• Assigned task
Since the listing below shows pictures, leave them out and write out exactly the lines from the line with "[셰프라인] 리빙앤쿡 티타늄 궁중팬 30cm (골드)" to the line with "Caractéristiques de l'armoire", both included, and no others.

• Exercise data

***

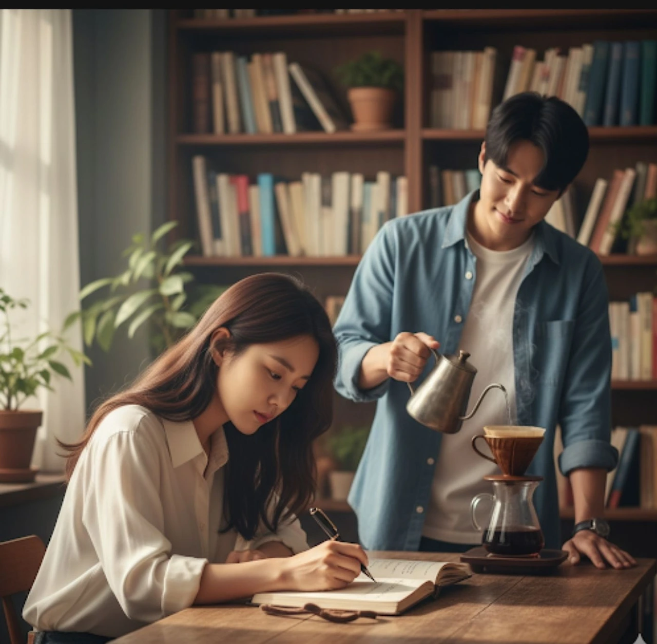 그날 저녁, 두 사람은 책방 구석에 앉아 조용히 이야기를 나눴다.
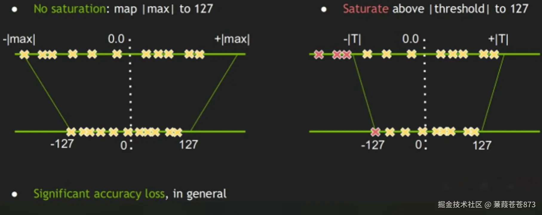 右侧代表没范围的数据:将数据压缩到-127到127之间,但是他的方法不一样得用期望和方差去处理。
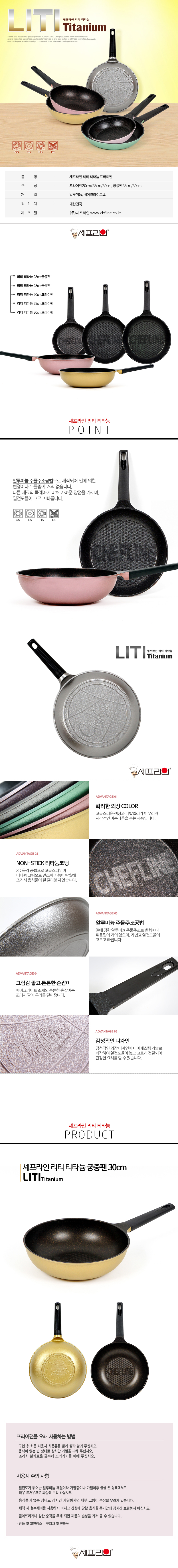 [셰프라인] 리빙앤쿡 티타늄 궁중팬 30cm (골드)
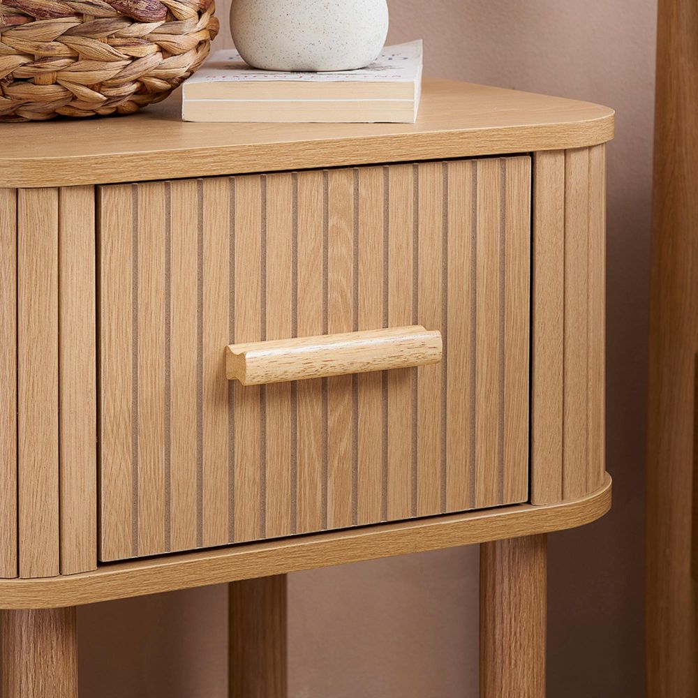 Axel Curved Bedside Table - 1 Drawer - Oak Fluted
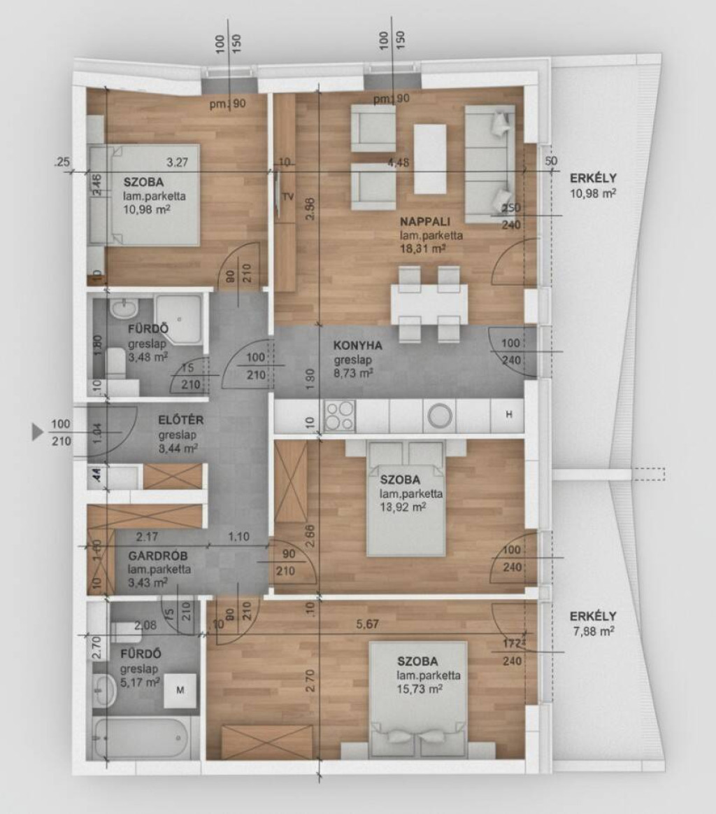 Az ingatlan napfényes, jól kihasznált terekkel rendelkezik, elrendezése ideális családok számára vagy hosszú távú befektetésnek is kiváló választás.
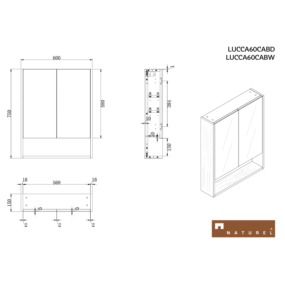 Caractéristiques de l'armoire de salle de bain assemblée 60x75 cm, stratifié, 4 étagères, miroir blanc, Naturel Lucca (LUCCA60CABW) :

***

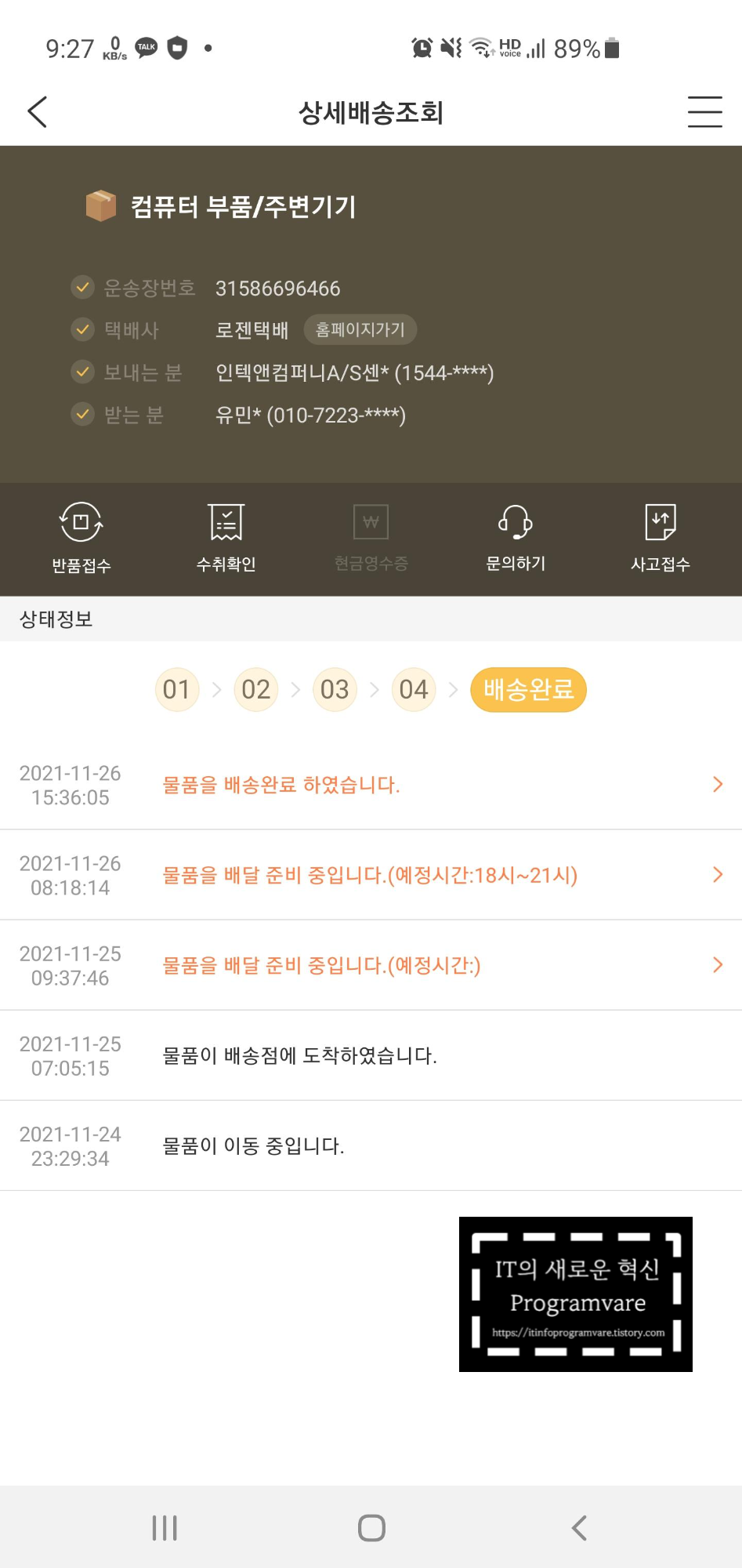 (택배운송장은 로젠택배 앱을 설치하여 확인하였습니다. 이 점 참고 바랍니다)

***

• Expected answer
 [셰프라인] 리빙앤쿡 티타늄 궁중팬 30cm (골드)
 Axel Curved Bedside Table - 1 Drawer - Oak Fluted
 Az ingatlan napfényes, jól kihasznált terekkel rendelkezik, elrendezése ideális családok számára vagy hosszú távú befektetésnek is kiváló választás.
 Caractéristiques de l'armoire de salle de bain assemblée 60x75 cm, stratifié, 4 étagères, miroir blanc, Naturel Lucca (LUCCA60CABW) :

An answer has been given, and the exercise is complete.